Covid-19 crisis also an opportunity for FinTechs, says BCG

14 July 2020 Consultancy.eu

While Covid-19 has brought its share of challenges for the global financial technology (FinTech) sector, a new report by Boston Consulting Group (BCG) highlights how the crisis could be an opportunity for the segment.

Most FinTechs came up post the last financial crisis in 2008/2009, which makes the current Covid-19 crisis their first global economic crisis. Prior to Covid-19, FinTech was among the fastest growing economic segments in industry, drawing vast pools of funding across the international market.

In fact, the FinTech sector was reaching a level of maturity last year, characterised by lower frequency but higher value activity. No doubt, the Covid-19 crisis and the accompanying economic conditions have changed the outlook dramatically. FinTech is an umbrella term that covers a wide variety of businesses, although each sub-cluster appears to have been hit hard in some way or the other.

For instance, there are the payment FinTech’s, which were gaining tremendous traction before the crisis, to the extent that they were challenging the payments market share of incumbent banks across the globe. Now, consumer activity is at an unprecedented low, which has dramatically reduced payment activity. On the other hand, online payments are going to become central as consumer activity picks up again, which puts this segment in a strong position for the medium and long term.

Total equity funding by value and number of deals

In a similar position are FinTech lenders. Once the economy enters the rebuilding phase, lending will see a boom. In this phase, the flexibility offered by FinTechs is likely to be a driver of their popularity in the lending space. While this is a risky competitive advantage to have, it could ostensibly boost FinTech lending activity in the near future. For now, however, high-risk markets across the world are causing a severe dip in lending volume.

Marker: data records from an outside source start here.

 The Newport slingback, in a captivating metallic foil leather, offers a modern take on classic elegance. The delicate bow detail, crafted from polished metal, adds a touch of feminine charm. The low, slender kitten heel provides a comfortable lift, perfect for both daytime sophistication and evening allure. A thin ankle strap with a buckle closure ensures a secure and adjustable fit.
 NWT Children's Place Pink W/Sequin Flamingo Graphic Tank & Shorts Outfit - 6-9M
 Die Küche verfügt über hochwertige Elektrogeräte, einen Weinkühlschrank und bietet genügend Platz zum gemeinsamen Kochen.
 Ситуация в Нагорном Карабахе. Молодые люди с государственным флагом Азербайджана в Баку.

Then there are the FinTechs that operate in the accounts & saving space. BCG uses Neobanks as an example of how this segment was also on the rise before the crisis. However, the crisis has exposed the trust deficit that consumers have in FinTech accounts, with many preferring traditional institutions to house most of their savings. The number of new accounts is drying up as a result.

That being said, FinTech accounts & savings players tend to specialise in high standards of customer experience. As the user moves online for most transactions, these companies can build loyalty among their existing users, paving the way for a stronger foundation in the post-crisis scenario.

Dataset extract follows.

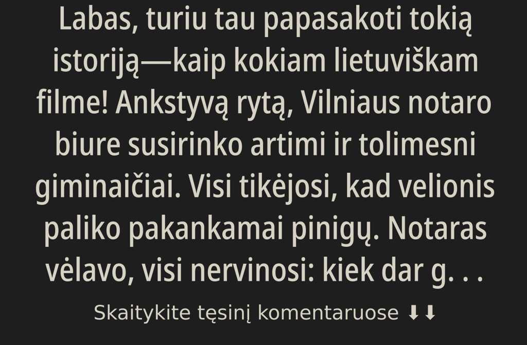 Labas, turiu tau papasakoti tokią istorijąkaip kokiam lietuviškam filme! Ankstyvą rytą, Vilniaus notaro biure susirinko artimi ir tolimesni giminaičiai. Visi tikėjosi, kad velionis paliko pakankamai pinigų. Notaras vėlavo, visi nervinosi: kiek dar galima laukti? Birutė, vyriausia Adomo dukra, vos ramiai sėdėjo: Noriu greičiau sužinoti, ar tėtis man ką nors paliko, kad galėčiau eiti. Tu, teta Danguole, turėtum elgtis ramiau. Reikia gedėti, visgi tėvas mirė, sumurmėjo Maiklas. Nekviesk manęs tetos, esu dar jauna. Kviestk vardu, piktai atkirto Danguole. O Maiklas burbtelėjo: Kad ir kiek dažai veidą ar išpuošinėji save, jauna nebetapsi.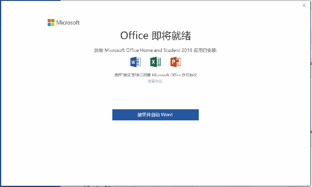 5. 稍等一段时间后会收到提示“Office即将就绪”,点击“接受并启动XXX”(如下图示例的是在 Word 中激活,点击“接受并启动Word”)。

Expected near term impact on FinTech sub-clusters

The shaky global market has also put a dent in trading and investment activity, directly affecting the value proposition for trading & investment FinTechs. On the other hand, digital channels are the only remaining option for brokerage and retail activity, signaling a boom for brokerage FinTechs. In fact, BCG reports that retail brokerage FinTechs reached an ‘all-time high’ in activity during the start of the crisis, to the extent that some applications have malfunctioned under the heavy activity load.

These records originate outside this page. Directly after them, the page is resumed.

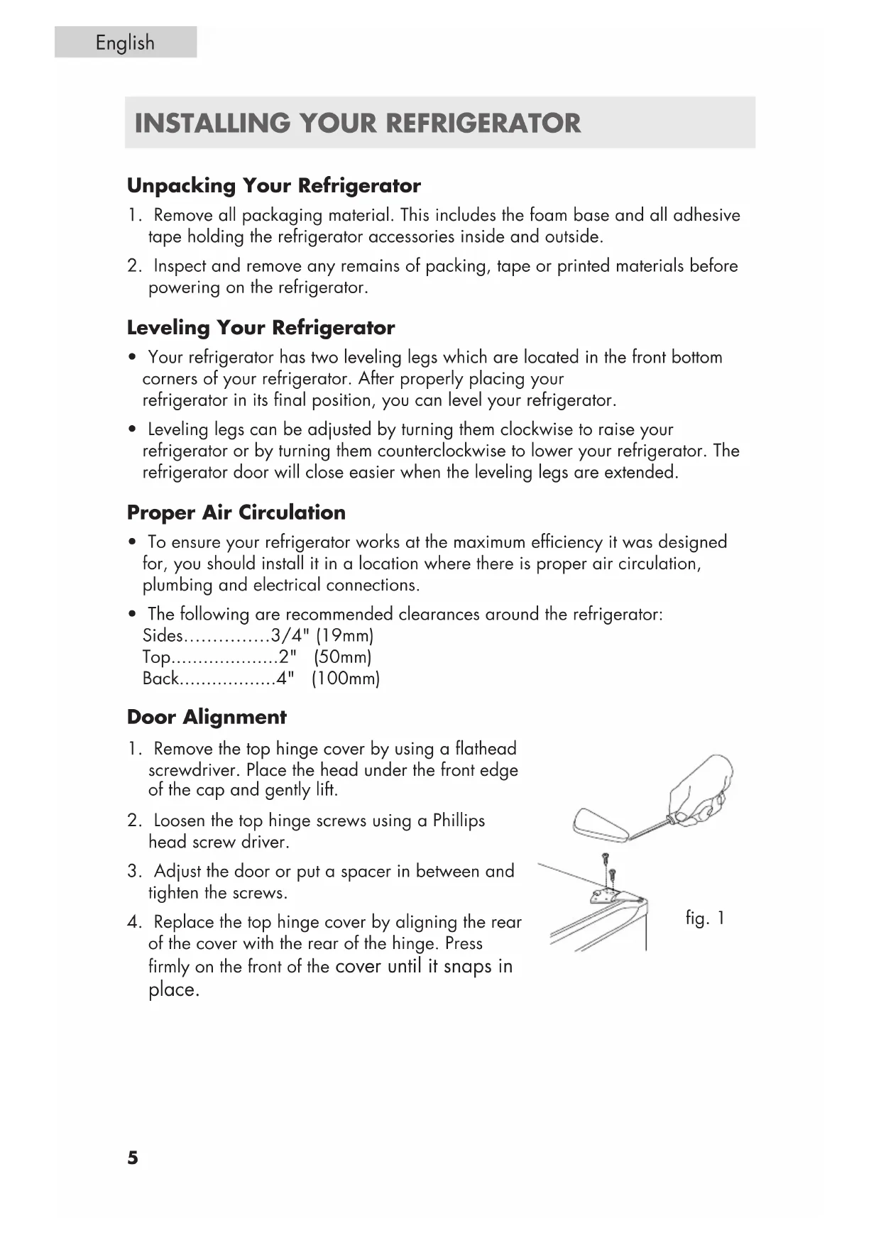 the wall. See the “Installing Your Refrigerator” section.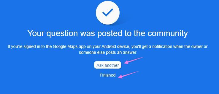 From here, you can continue adding more questions by clicking on “Ask another” or “finished” to resume later. We recommend adding as many questions as possible and answering them later.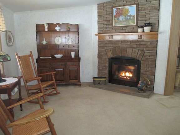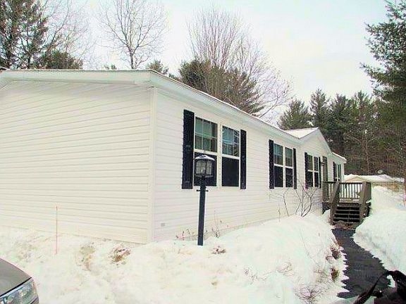 Beautiful, Spacious ,Bright,Open Concept. This 1680' double wide built with 2x6 construction in 2003 is located in the Mountainvale Village a 55 plus Community. Home boast cathedral ceilings, gas fireplace, ceiling fans through-out home,central air, large deck off the laundry room and dining room both which look out over the back yard and woods for a private retreat. You need to see just how large the kitchen is with solid wood cabinets, skylights, ceiling fan, built-in desk area, island and still room for a kitchen table. New water heater, well maintained inside and out!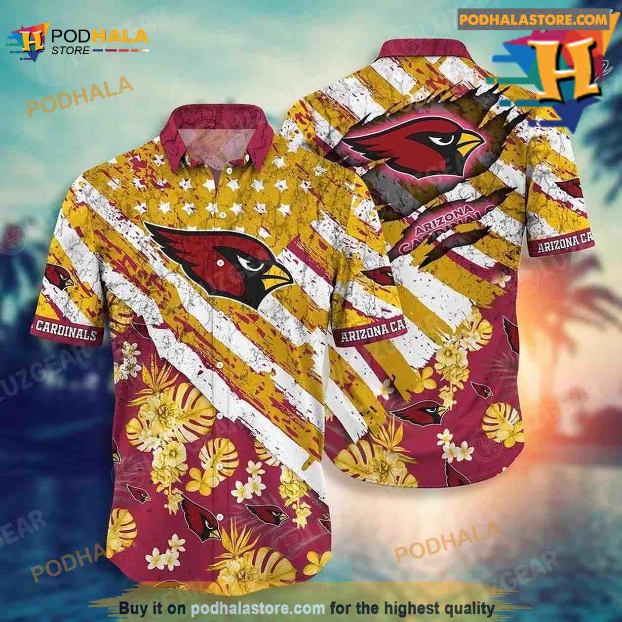 Get the look you need for any occasion with Arizona Cardinals NFL Hawaiian Shirt Floral Printed American Flag Hot Trending Summer. These customizable hawaiian shirts are perfect for any festival, party, vacation, or time at the beach. With multiple color options available these shirts will make you the real eye-catcher at any event!

Lastly, there are the technology & support companies to the FinTech sector, which saw an uptick in activity in the immediate wake of the crisis, but might see their own curve flatten in the medium term as third-party tech spending is dampened. Nevertheless, these businesses will scarcely fall out of relevance, as tech support is likely to be a constant need.

On the whole, every immediate challenge being faced by FinTechs is accompanied by an opportunity, according to BCG’s experts. These companies are built to be agile and adaptable, making them ideally suited to reorient and bounce back in the wake of the crisis.

“As long as FinTechs shore up their risk profile, continually work on customer satisfaction and constantly explore new opportunities, they will remain strong for the foreseeable future,” concluded BCG.